Autonomous feminism recognized the equality of the sexes in regard to the right of citizenship, as well as in the marketplace and in general social life. In contrast, domestic feminism derived from both the conjugal family and the social stresses that were a part of economic growth. In the cultural veneration of the modern family and the home, women placed family and home life first and then extended these domestic values to civil society, the state, and the world.
Beecher was among the champions of domestic equality, who believed that women had special civilizing qualities needed by family, home, and state. Her domestic feminism took the form of outrage over how far the actual life experiences of women differed from her ideal, and it offered a set of principles around which society could consolidate. Her ideal was a well-ordered self-sufficiency, expressed through means that included furniture, architecture, and human relationships. The home was viewed as the natural place for women and the basic building block of a good society; it stood for certainties and completion that could unite personal and national goals.
Catharine Beecher, like others in her family, sought to establish the cultural dominance of these ideas in 19th-century America by rescuing the nation from a secular and self-indulgent existence. Her particular contribution was a vision of the manner in which the female might shape the home, and thus the nation, into a kinder as well as more efficient organization. In that endeavor, Beecher saw the need for female sacrifice, as opposed to the franchise for women. In the course of her long and productive life, her philosophy of domestic feminism changed tactics, eventually linking antebellum moral reform to the Victorian science of society, while continuing to allow women to express the superiority of their domestic virtues.
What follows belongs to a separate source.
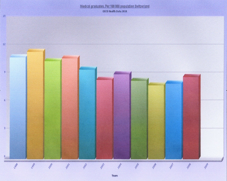 There is a progressive aging of the Swiss population with 16.8% of residents being over 64 years of age in 2009, compared to 9.6% in the early 1950s [1]. The projections for 2020 predict a proportion of 20–25% of residents to be older than 65 years [1]. As a consequence, needs for advanced treatments and particularly surgical care under anaesthesia are steadily increasing and will continue to increase. This is particularly the case for hip and knee replacements, cancer care and cataract surgery [2].In 2008, a total number of 1’166’631 anaesthetic procedures were performed in Switzerland, representing a 35% augmentation compared to 2002 [3].As a result, healthcare costs have increased greatly to reach 10.7% of the overall Gross Domestic Product (GDP) of Switzerland in 2008 [3].Annual costs related specifically to surgical care excess 11 billion francs [2].Consequently both cantons and the Swiss Confederation launched a series of initiatives aimed at controlling healthcare costs [4, 5].These include: a) a unified reimbursement scheme called TarMed introduced in 2004, b) a gradual reduction in acute care beds availability in hospitals, c) a progressive transfer of treatment costs directly to patients (30.8% of overall health expenditures, the highest rate in OCDE countries after Korea and Mexico), and d) a limitation in the number of physicians licensed and eligible for reimbursement under compulsory health insurance introduced in 2002 [6–9].In parallel, universities have limited the number of positions available for new students in medical schools by numerus clausus, which has been gradually introduced in Swiss universities since 1998 [10]. Consequently, the number of new graduates has dropped from 10.9/100’000 residents in 1998 to 8.8/100’000 residents in 2008 (fig. 1) [3].This is one of the lowest rates in Europe, as only Belgium, Poland and Slovenia have less medical graduates entering the healthcare workforce every year.

Unfortunately for her historical reputation, many women embraced other expressions of feminism, in particular the right to vote. Even so, the legacy of Catharine Beecher is complex: though she wanted careers for women, she did not agitate for rights for women; she was a capable educator, shrewd and hard-working, with a strong mind and will, but she was never willing to struggle for the liberation of women. Rebellious spirit and a style grounded in libertarian idealism were not for her; she strove instead for women's self-improvement. Nevertheless, she was a vital part of 19th-century reform and the larger story of American feminism.
In the 1850s, in a gesture that expressed both 19th-century sentimental values and a desire for private grief, Beecher visited the family home of Alexander Fisher, where she sat by the fire and burned all the letters exchanged by the ill-fated couple. She taught for brief periods in Massachusetts and Connecticut and lived throughout her life with various members of her family. When she died, in 1878, she was in Elmira, New York, at the home of her half-brother Thomas. Of the institutions she established, only the Milwaukee Normal Institute remains, though under a different name.
sources:
Rugoff, Milton. The Beechers, An American Family in the Nineteenth Century. NY: Harper & Row, 1981.
Sklar, Kathryn K. Catharine Beecher: A Study in American Domesticity. New Haven, CT: Yale University Press, 1973.
suggested reading:
Boyston, Jeanne. The Limits of Sisterhood: The Beecher Sisters on Women's Rights and Woman's Sphere. Chapel Hill: University of North Carolina Press, 1988.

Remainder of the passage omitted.